(Task description): With pictures excluded, output exactly the lines that run from the first line of the data below through the line containing "オリジナル二重リング付き 真鍮 ツリバリキーホルダー(ドクロ)".

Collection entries
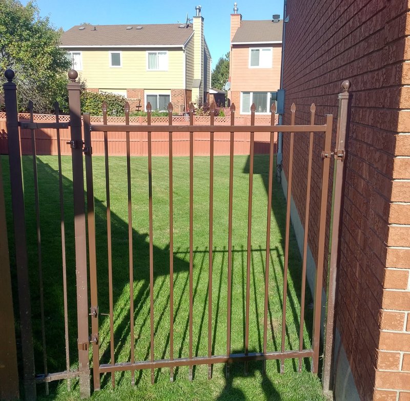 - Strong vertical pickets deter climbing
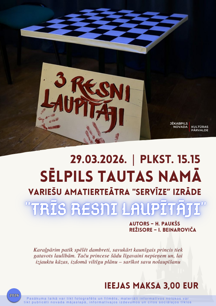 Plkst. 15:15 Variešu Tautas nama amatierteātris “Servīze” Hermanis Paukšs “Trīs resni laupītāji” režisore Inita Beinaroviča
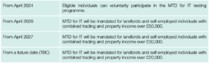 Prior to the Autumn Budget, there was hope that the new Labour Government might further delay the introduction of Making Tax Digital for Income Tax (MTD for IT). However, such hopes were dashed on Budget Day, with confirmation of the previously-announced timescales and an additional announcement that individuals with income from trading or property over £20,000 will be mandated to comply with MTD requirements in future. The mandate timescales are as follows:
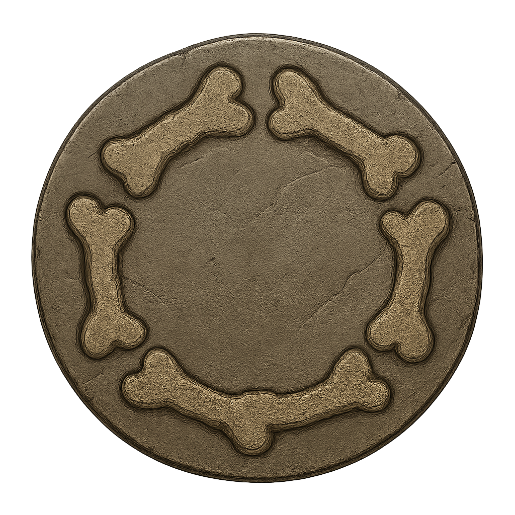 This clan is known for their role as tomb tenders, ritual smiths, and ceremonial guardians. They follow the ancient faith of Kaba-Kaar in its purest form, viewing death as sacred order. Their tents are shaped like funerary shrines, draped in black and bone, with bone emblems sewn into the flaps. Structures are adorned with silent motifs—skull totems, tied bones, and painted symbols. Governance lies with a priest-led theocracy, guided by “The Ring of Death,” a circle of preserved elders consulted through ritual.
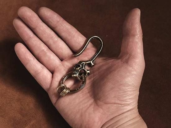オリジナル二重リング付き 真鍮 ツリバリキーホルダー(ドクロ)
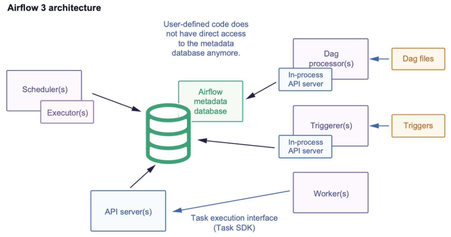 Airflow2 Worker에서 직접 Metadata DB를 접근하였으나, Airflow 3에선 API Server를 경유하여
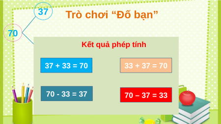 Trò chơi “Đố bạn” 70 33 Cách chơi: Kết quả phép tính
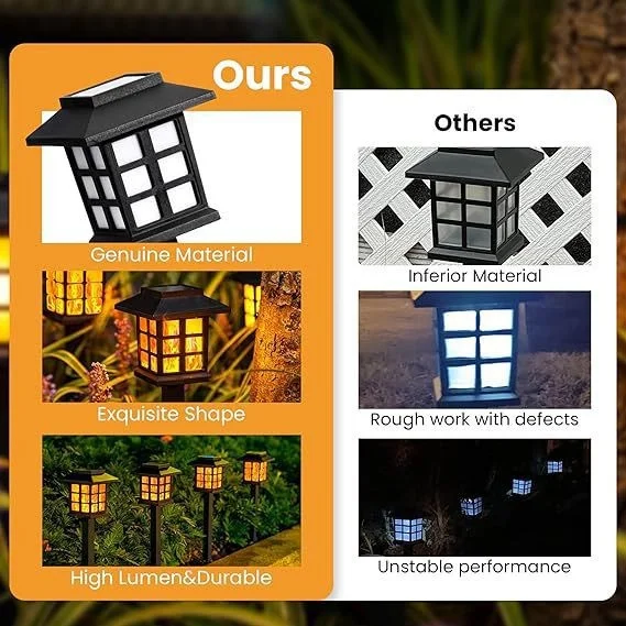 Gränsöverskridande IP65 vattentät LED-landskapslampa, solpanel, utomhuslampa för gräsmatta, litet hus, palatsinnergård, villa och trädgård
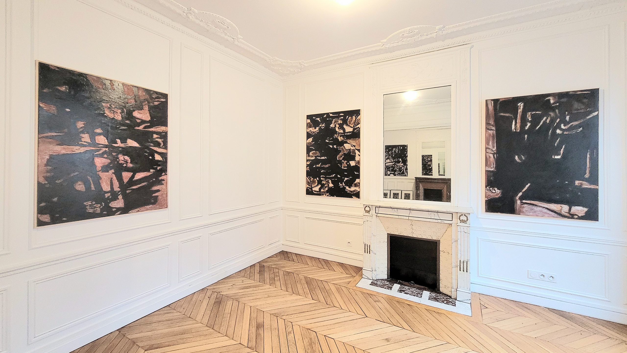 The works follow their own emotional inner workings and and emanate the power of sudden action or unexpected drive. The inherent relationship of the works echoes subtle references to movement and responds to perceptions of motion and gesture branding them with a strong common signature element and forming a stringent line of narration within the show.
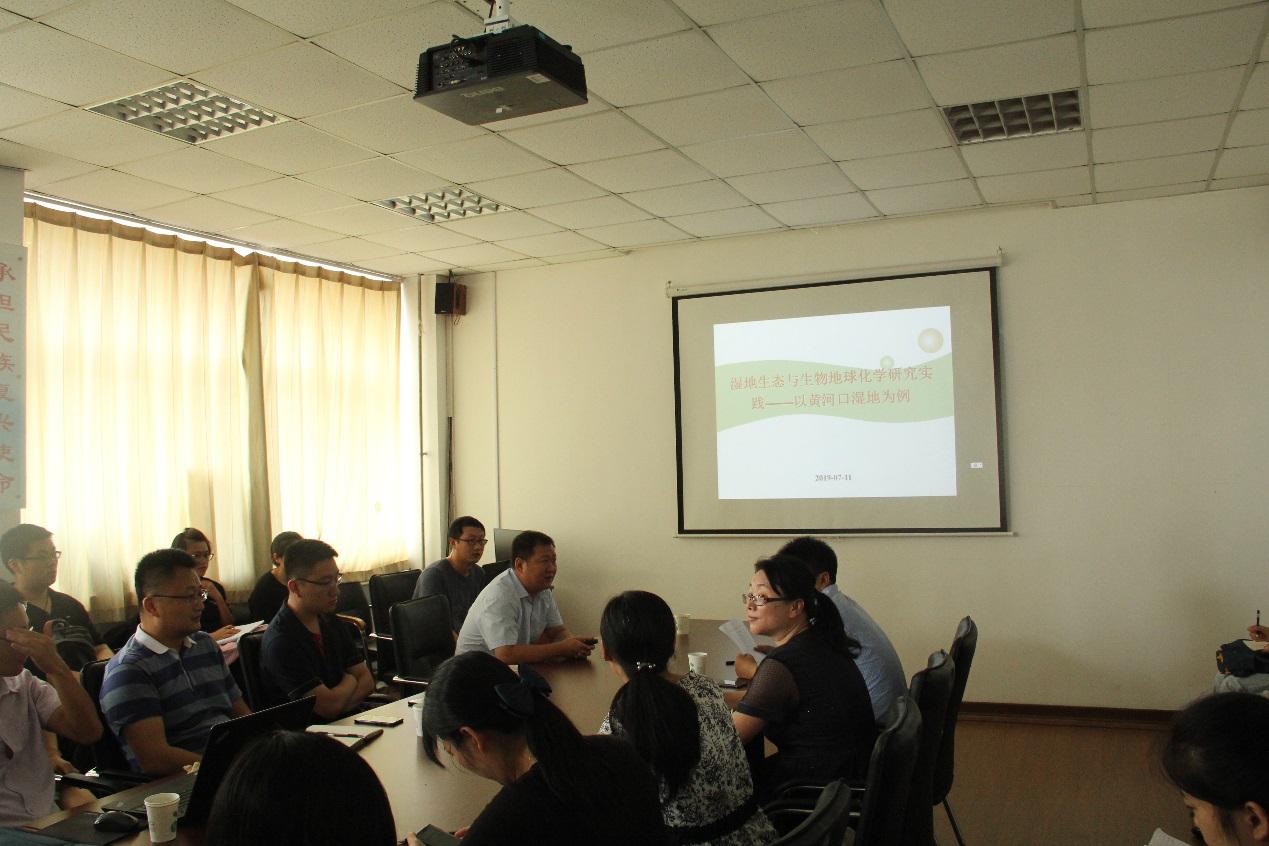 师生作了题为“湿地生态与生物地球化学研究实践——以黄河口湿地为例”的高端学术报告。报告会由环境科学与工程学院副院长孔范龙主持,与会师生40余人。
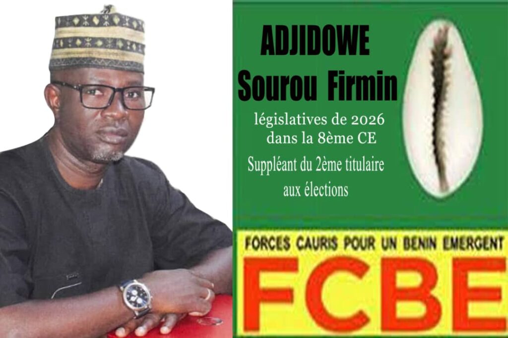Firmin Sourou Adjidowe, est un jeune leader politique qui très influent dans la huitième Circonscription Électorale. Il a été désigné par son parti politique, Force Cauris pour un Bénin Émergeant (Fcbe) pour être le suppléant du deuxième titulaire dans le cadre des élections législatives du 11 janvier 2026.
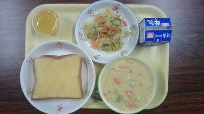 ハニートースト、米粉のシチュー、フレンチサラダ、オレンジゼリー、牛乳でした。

(Output for this task):
 - Strong vertical pickets deter climbing
 Plkst. 15:15 Variešu Tautas nama amatierteātris “Servīze” Hermanis Paukšs “Trīs resni laupītāji” režisore Inita Beinaroviča
 Prior to the Autumn Budget, there was hope that the new Labour Government might further delay the introduction of Making Tax Digital for Income Tax (MTD for IT). However, such hopes were dashed on Budget Day, with confirmation of the previously-announced timescales and an additional announcement that individuals with income from trading or property over £20,000 will be mandated to comply with MTD requirements in future. The mandate timescales are as follows:
 This clan is known for their role as tomb tenders, ritual smiths, and ceremonial guardians. They follow the ancient faith of Kaba-Kaar in its purest form, viewing death as sacred order. Their tents are shaped like funerary shrines, draped in black and bone, with bone emblems sewn into the flaps. Structures are adorned with silent motifs—skull totems, tied bones, and painted symbols. Governance lies with a priest-led theocracy, guided by “The Ring of Death,” a circle of preserved elders consulted through ritual.
オリジナル二重リング付き 真鍮 ツリバリキーホルダー(ドクロ)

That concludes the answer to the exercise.